**Exercise aim**: Copy out each line of the material exactly. Pictures do not belong in the copy.

**Data section**:
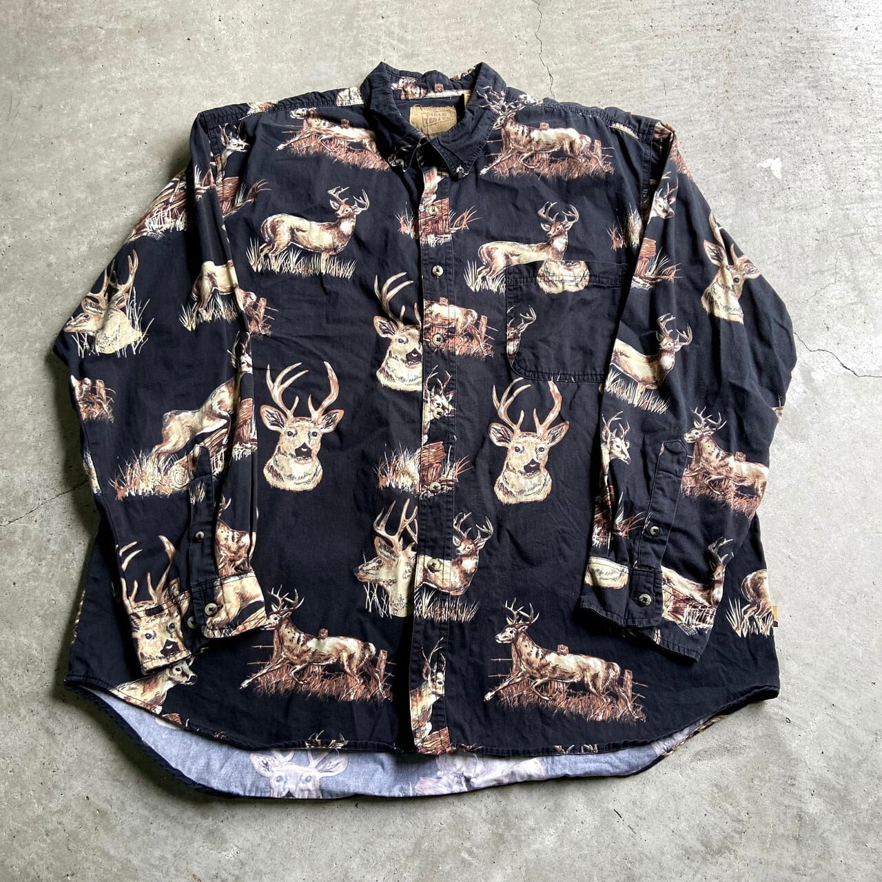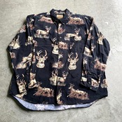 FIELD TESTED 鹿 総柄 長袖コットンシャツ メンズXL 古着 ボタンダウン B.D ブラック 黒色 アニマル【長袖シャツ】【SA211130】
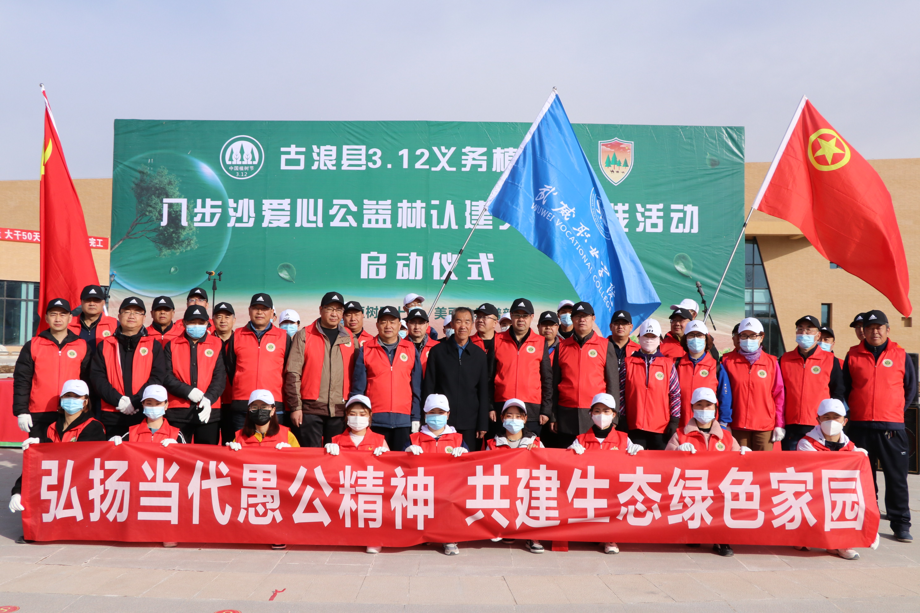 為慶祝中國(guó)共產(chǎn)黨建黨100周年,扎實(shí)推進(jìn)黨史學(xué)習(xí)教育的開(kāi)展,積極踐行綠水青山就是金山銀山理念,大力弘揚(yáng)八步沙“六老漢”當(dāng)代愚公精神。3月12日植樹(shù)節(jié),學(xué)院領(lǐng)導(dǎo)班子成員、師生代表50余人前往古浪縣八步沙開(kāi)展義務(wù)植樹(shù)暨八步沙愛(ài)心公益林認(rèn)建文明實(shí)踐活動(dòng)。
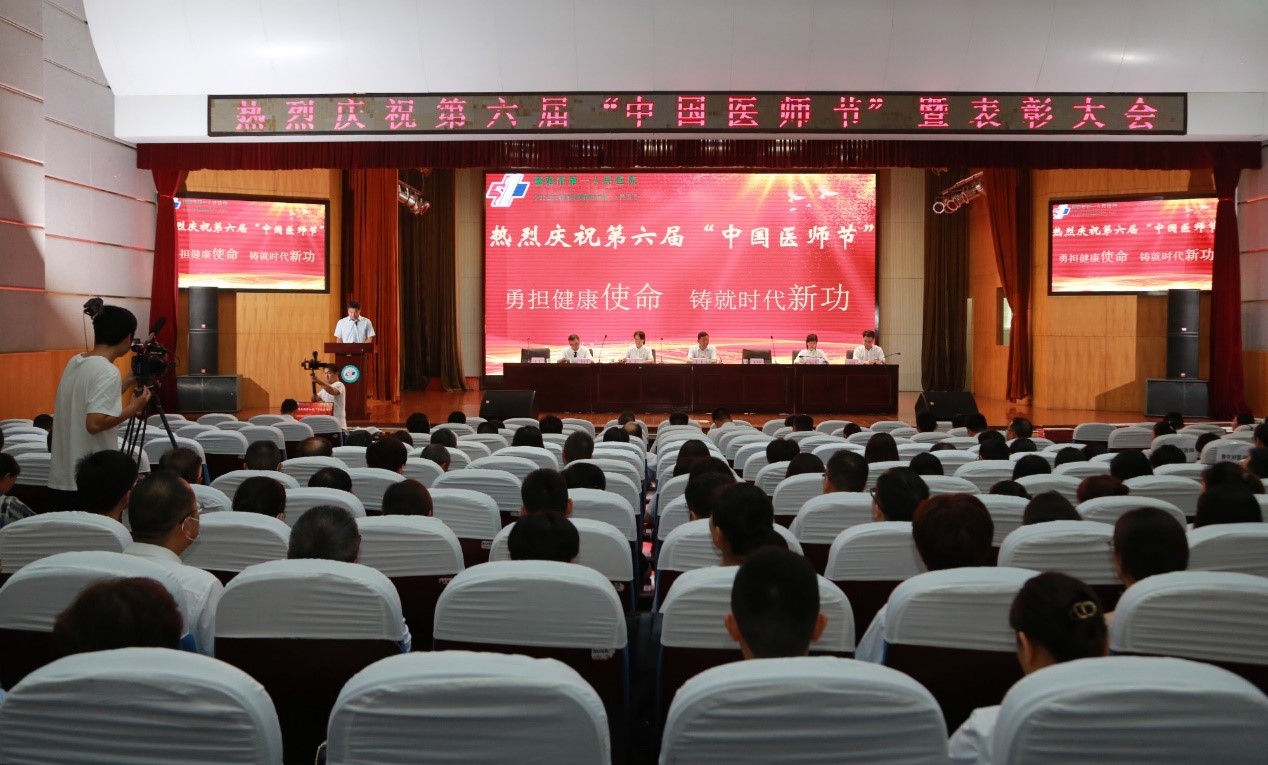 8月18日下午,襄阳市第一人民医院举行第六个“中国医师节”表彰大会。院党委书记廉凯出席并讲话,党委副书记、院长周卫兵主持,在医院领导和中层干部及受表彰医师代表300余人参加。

**Answer to the problem**:
 FIELD TESTED 鹿 総柄 長袖コットンシャツ メンズXL 古着 ボタンダウン B.D ブラック 黒色 アニマル【長袖シャツ】【SA211130】
 為慶祝中國(guó)共產(chǎn)黨建黨100周年,扎實(shí)推進(jìn)黨史學(xué)習(xí)教育的開(kāi)展,積極踐行綠水青山就是金山銀山理念,大力弘揚(yáng)八步沙“六老漢”當(dāng)代愚公精神。3月12日植樹(shù)節(jié),學(xué)院領(lǐng)導(dǎo)班子成員、師生代表50余人前往古浪縣八步沙開(kāi)展義務(wù)植樹(shù)暨八步沙愛(ài)心公益林認(rèn)建文明實(shí)踐活動(dòng)。
 8月18日下午,襄阳市第一人民医院举行第六个“中国医师节”表彰大会。院党委书记廉凯出席并讲话,党委副书记、院长周卫兵主持,在医院领导和中层干部及受表彰医师代表300余人参加。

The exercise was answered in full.